■ Your instructions ■
Only the lines from the top of the listing below to the line that has "Gazman Tailored Casual" should be echoed, with both ends kept and pictures left out.

■ Supplied data ■
☆ ☆ ☆ ☆ ☆

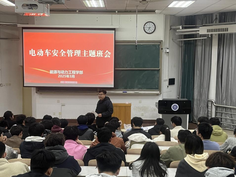 会议伊始,王国庆结合近期高校电动车安全事故典型案例,指出了电动车违规使用导致的四大安全隐患:一是占用消防通道延误应急响应,二是无序充电引发火灾风险,三是密集停放阻碍紧急疏散,四是超速骑行造成交通事故。随后,王国庆要求大家,已申领校内车牌的同学要严格遵守校(院)电动车管理规定,必须停放至指定区域,必须使用合规充电设备;严禁占用消防通道,严禁电动车电瓶进宿舍,严禁超速及载人骑行。
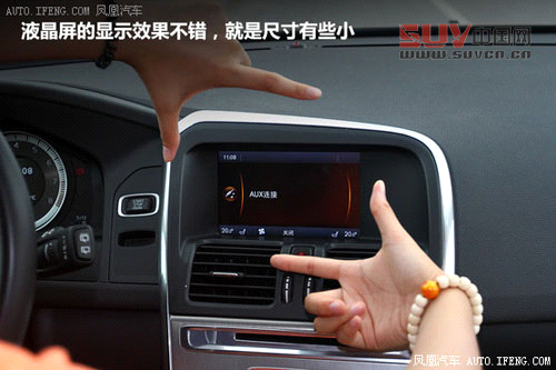 前排的乘客空間寬綽,身高173CM的模特有著超過一拳的頭部空間。不過我們的模特上車的第一件事兒就是打開遮陽板照鏡子,而XC60不僅前排車頂中央控制區的閱讀燈分左右兩側,遮陽板內也有照明系統。中央扶手比較短,而且不能前后、高低調節,所以對于手臂的支撐比較一般。
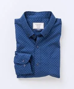 Gazman Tailored Casual Oxford Check Long Sleeve Shirt – Navy
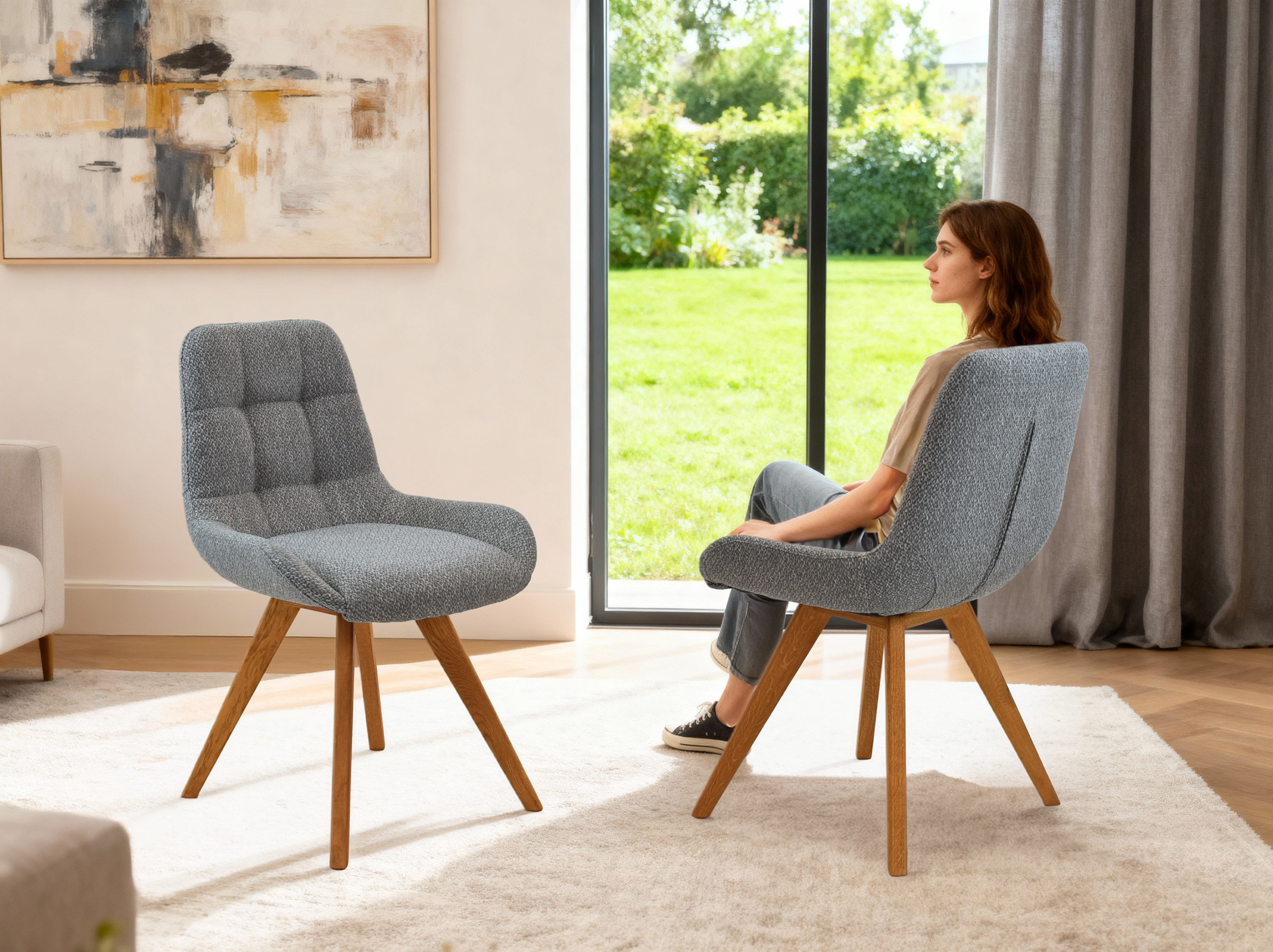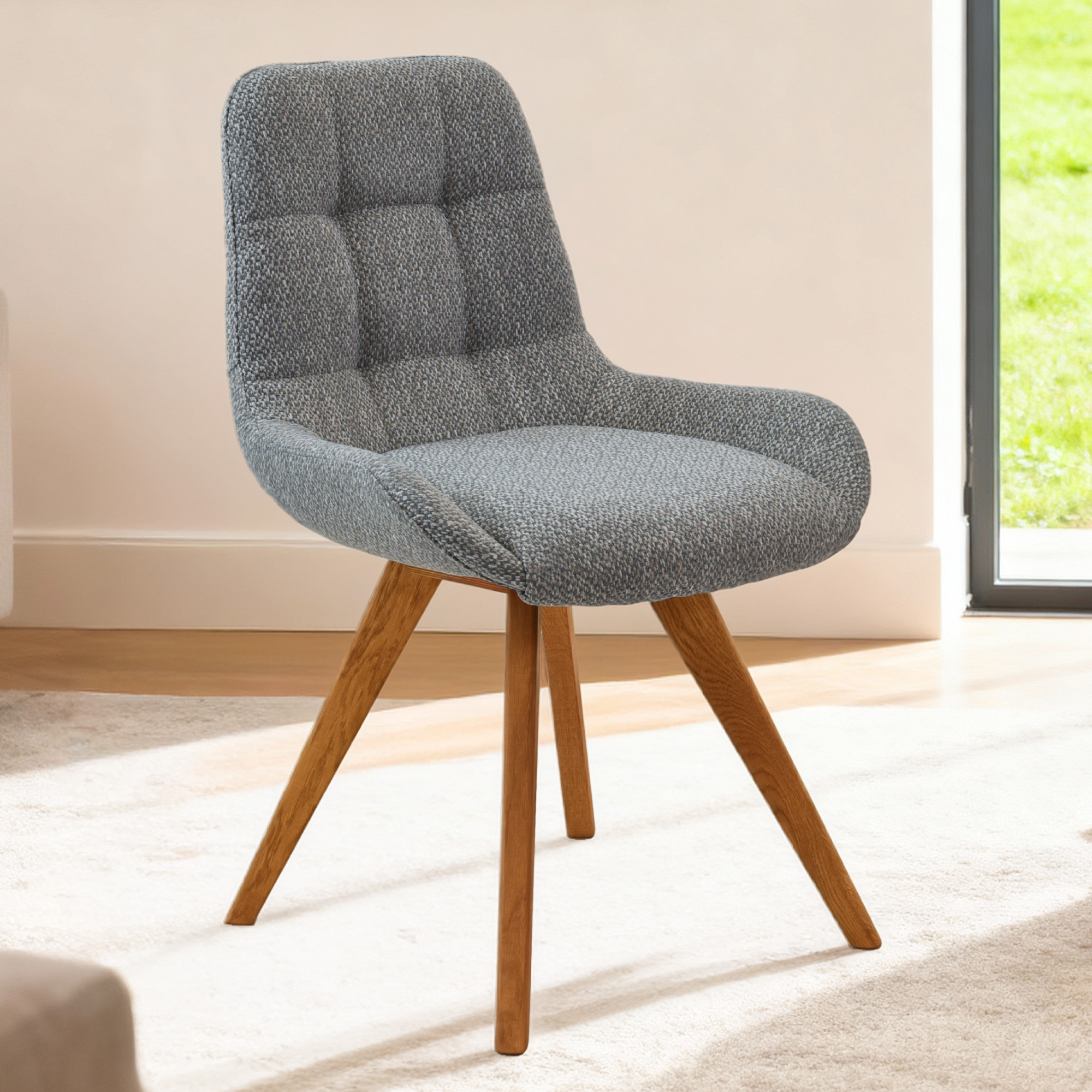 Dubová stolička Temza s modro sivým čalúnením je perfektnou voľbou pre každú domácnosť, ktorá hľadá kvalitný nábytok z prírodného dreva s vysokým komfortom sedenia. Táto stolička zaujme svojím moderným dizajnom a elegantným vzhľadom, ktorý skvele zapadne do rôznych interiérov. Stolička je dostupná v niekoľkých farbách čalúnenia – , čo vám umožňuje vybrať si tú správnu variantu pre váš domov. Moderné prešívanie na operadle dodáva stoličke sofistikovaný a súčasný vzhľad, zatiaľ čo podporné boky na sedacej časti zaisťujú vysoký komfort sedenia.

☆ ☆ ☆ ☆ ☆

■ Response area ■
 会议伊始,王国庆结合近期高校电动车安全事故典型案例,指出了电动车违规使用导致的四大安全隐患:一是占用消防通道延误应急响应,二是无序充电引发火灾风险,三是密集停放阻碍紧急疏散,四是超速骑行造成交通事故。随后,王国庆要求大家,已申领校内车牌的同学要严格遵守校(院)电动车管理规定,必须停放至指定区域,必须使用合规充电设备;严禁占用消防通道,严禁电动车电瓶进宿舍,严禁超速及载人骑行。
 前排的乘客空間寬綽,身高173CM的模特有著超過一拳的頭部空間。不過我們的模特上車的第一件事兒就是打開遮陽板照鏡子,而XC60不僅前排車頂中央控制區的閱讀燈分左右兩側,遮陽板內也有照明系統。中央扶手比較短,而且不能前后、高低調節,所以對于手臂的支撐比較一般。
 Gazman Tailored Casual Oxford Check Long Sleeve Shirt – Navy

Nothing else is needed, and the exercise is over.